Joke Collection Website - Blessing messages - Highlights of common folk jingles
Highlights of common folk jingles
Highlights of common folk jingles
1, be a man, don't pretend too much, you will get hurt sooner or later; Don't be too slippery, you will be hit sooner or later; Don't be too bad, you will be kicked sooner or later; Don't expose your shortcomings, you will be shoveled sooner or later; Don't be too wicked, there is a sky; Don't be afraid of pain, you will enjoy happiness sooner or later; Don't promiscuous, just love one.
2, recently more annoying, children repeatedly hooligans. Go home late to relax, read and sleep more. At the bottom of the exam, laughing is not at the bottom. Grandma follows the teachings and strives for perfection. The child was puzzled and asked: What was the first test?
3. Peking University has never had a charming mother since ancient times. Even if there are three pairs of mandarin ducks, there are abnormal pheasants. Peking University has never had a charming mother looking at an airport since ancient times. I happened to see a Mount Fuji, which is also an early apricot.
4, purple porcelain plate, shark fin, a plate of cooked shark fin, a plate of raw shark fin. Chixiaochi took a porcelain spoon and asked for steamed shark fin. As soon as a bite of shark fin reached his mouth, the fishbone got into his teeth, and Koike patted his leg and scratched his teeth in pain.

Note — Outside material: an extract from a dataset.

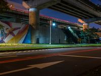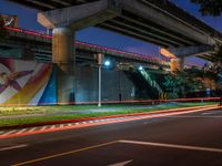 A night scene in Taipei, Taiwan, with light streaks from passing vehicles on a busy road. Graffiti wall illuminated by street lights adds an artistic touch. Clear sky enhances the ambiance of the city.

5. I am really anxious to get angry, deal with hot issues coldly, dare to touch hard, take a straight road to turn around, don't regret what happened in the past, don't compare with what happened in front of me, work wholeheartedly and protect my body wholeheartedly.
6. Find some leisure, find some time, hug your lover and go shopping; The jewelry in the shopping mall is crystal clear here, and the clothes look good when you turn around there. The money in the bag is a bit shabby, and it is just to attract attention.
7. Cook together and save gas; We live in a house together to save electricity; In order to save water, let's take a bath together; Move our accounts together to save paper; Let's live together in order to save energy, mother earth and leave more green for future generations! I love you.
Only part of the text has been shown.